Лука первым сформировал этот отрывок; о его авторстве еще свидетельствует та тревожная точность, с которой он стремится мотивировать отдельные фрагменты речи. «Делайте праведные плоды покаяния», — взывал Креститель к людям, и вот, когда буря его речи утихла, они спрашивают: «Что же нам делать?», на что следуют как общие советы, так и специальные для отдельных категорий людей. В общем, у кого есть две одежды, поделись с тем, кто в нужде, и у кого есть пища, делай то же. Сборщики податей не должны брать более положенного, и военные люди не должны ни притеснять, ни обделять, но должны довольствоваться своим жалованьем.
То, что в этих наставлениях мы не имеем перед собой слов Иоанна Крестителя, побудивших мытарей принять крещение, не требует особого внимания. Для того чтобы люди услышали такие слова, им не нужен был креститель. Нельзя, однако, запрещать проповеднику покаяния распространять свое требование покаяния и самоотречения на конкретные обстоятельства жизни, но тогда этот переход к частностям не должен происходить таким образом, чтобы общее, более глубокое требование покаяния было полностью забыто, а увещевание ограничивалось областью обычных, практических правил жизни.
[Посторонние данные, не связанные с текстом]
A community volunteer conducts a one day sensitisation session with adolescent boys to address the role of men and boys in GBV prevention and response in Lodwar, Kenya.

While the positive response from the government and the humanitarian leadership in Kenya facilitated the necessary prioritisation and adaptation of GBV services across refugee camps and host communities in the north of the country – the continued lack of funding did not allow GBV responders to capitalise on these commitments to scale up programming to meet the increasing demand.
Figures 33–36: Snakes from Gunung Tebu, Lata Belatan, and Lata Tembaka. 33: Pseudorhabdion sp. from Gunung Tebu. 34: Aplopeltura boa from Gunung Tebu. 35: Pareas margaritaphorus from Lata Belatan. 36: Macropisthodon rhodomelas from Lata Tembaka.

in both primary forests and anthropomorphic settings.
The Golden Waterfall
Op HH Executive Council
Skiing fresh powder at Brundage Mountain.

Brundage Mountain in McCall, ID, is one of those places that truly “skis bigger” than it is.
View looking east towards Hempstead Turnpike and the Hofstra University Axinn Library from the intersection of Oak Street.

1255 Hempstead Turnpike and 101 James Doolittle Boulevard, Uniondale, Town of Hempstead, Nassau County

Неандер видит в этих словах требование «очищения нравов», но это нечто гораздо более общее, чем все то, что Креститель здесь требует от народа.
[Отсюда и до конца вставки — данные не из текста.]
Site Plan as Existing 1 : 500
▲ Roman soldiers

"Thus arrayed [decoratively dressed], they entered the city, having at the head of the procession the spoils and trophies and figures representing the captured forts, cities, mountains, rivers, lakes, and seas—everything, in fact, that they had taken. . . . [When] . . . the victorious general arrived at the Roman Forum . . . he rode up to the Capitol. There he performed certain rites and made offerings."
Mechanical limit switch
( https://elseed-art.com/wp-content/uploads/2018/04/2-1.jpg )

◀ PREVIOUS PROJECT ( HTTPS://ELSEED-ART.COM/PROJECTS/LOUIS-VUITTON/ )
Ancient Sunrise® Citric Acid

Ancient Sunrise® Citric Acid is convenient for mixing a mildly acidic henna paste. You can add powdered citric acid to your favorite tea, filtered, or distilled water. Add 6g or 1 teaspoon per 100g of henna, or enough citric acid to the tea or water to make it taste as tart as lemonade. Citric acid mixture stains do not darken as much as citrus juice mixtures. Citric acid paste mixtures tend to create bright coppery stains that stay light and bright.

Если Креститель не говорил и не мог говорить этих слов, то вполне естественно, как их сформулировал Лука. Он первым вложил молнию в руку Крестителя, поэтому он должен был почувствовать дистанцию между этой новой угрожающей фигурой и Иоанном, каким его обычно считали, и теперь попытаться перевести грозную фигуру в более спокойные отношения с народом. Но если он когда-то слишком сильно натянул струны, то вполне естественно, что теперь он должен снова их сильно натянуть и дать им слабину. Кроме того, он задумал все так, что хотел изобразить отношение обманщика к народу со всех сторон; поэтому он не мог допустить, чтобы проповедник покаяния предстал только в образе сурового и отталкивающего фанатика. Наконец, когда он заставил анабаптиста потребовать праведных плодов покаяния, то вполне уместно было дать ему возможность сказать, в чем они заключаются.
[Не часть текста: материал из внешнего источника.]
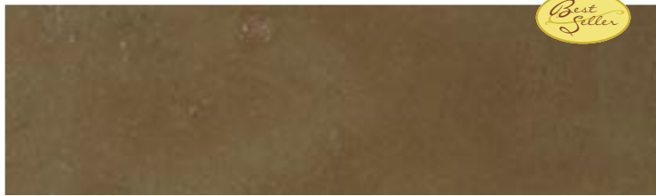
Venetian Clay WBS32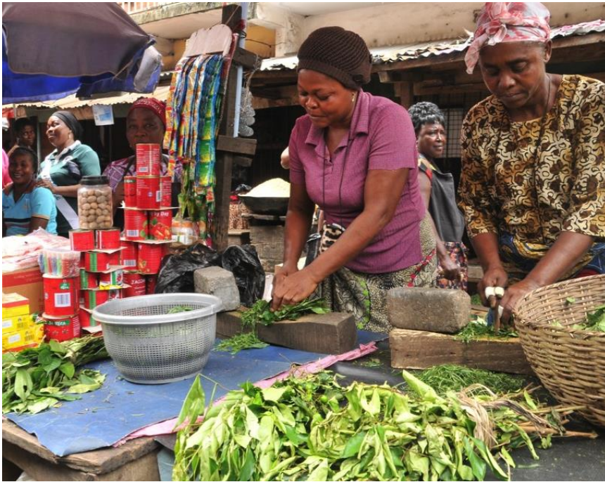
Investment in Digital Savings Proposition

Все эти мотивы отсутствовали у Матфея. У него уже не могло быть необходимости искусственно приводить изречения, в которых раскрывается исторический характер Иоанна, и связывать их с определенными случаями; ведь он уже имел их в виду в писании Луки, ему нужен был только один случай, и, когда он сформировался, он мог позволить речи, которая должна была истолковать историческую сущность Крестителя, следовать как единое целое. По его мнению, ревность Илии и угрожающая ярость уже стали основной чертой характера Крестителя; он должен сделать эту черту доминирующей, единственной, и опустить тот отрывок, где Креститель дает особые советы отдельным людям. Возможно, он опускает его еще и потому, что эти советы, со всей ситуацией, в которой они даются, показались ему слишком незначительными и мало соответствующими тому представлению, которое должно было сложиться о проповеди Громовержца.
В соответствии со своей привычкой — см. Нагорную проповедь, — поскольку его интерес направлен прежде всего на речи и характеристики действующих лиц, а не на отдельные случаи, их породившие, он опускает и тот случай, который должен был побудить Крестителя высказаться о своем отношении к большему последователю. Он читает речи в своих источниках, что ему еще нужно, какое ему дело до тех поводов, которые его предшественники кропотливо и часто несчастливо создавали для того, чтобы вообще ввести эти речи? Правильно, что он и в этом случае последовал своей привычке. Лука рассказывает, что когда Креститель дал свой совет, «народ еще ждал, и в сердце своем все думали об Иоанне, не Мессия ли он? Совет, данный мытарям и воинам, показался людям настолько важным и великим, что они решили, что человек, говоривший таким образом, должен немедленно, как только он начнет говорить, объявить, что он Мессия; но поскольку речь не закончилась таким образом и ожидаемого объявления не произошло, толпа своим напряженным выражением лица показала, что ей еще не хватает правильного завершения речи. Но как оратор мог понять по выражению лиц людей, какого открытия они ожидают? Мог ли он думать, что за его советом мытарям и воинам обязательно последует объяснение, является ли он Мессией или нет? Как он мог сделать такой вывод? Сам по себе этот вполне похвальный и полезный совет, но очень незначительный для данной ситуации и по сравнению с тем, что следовало ожидать даже от проповеди Предтечи, не мог даже навести толпу на мысль, что человек, учивший таким образом, в конце концов должен быть Мессией. Без лишних слов, Лука использовал этот случай только для того, чтобы представить объяснение Крестителем своего отношения к Мессии.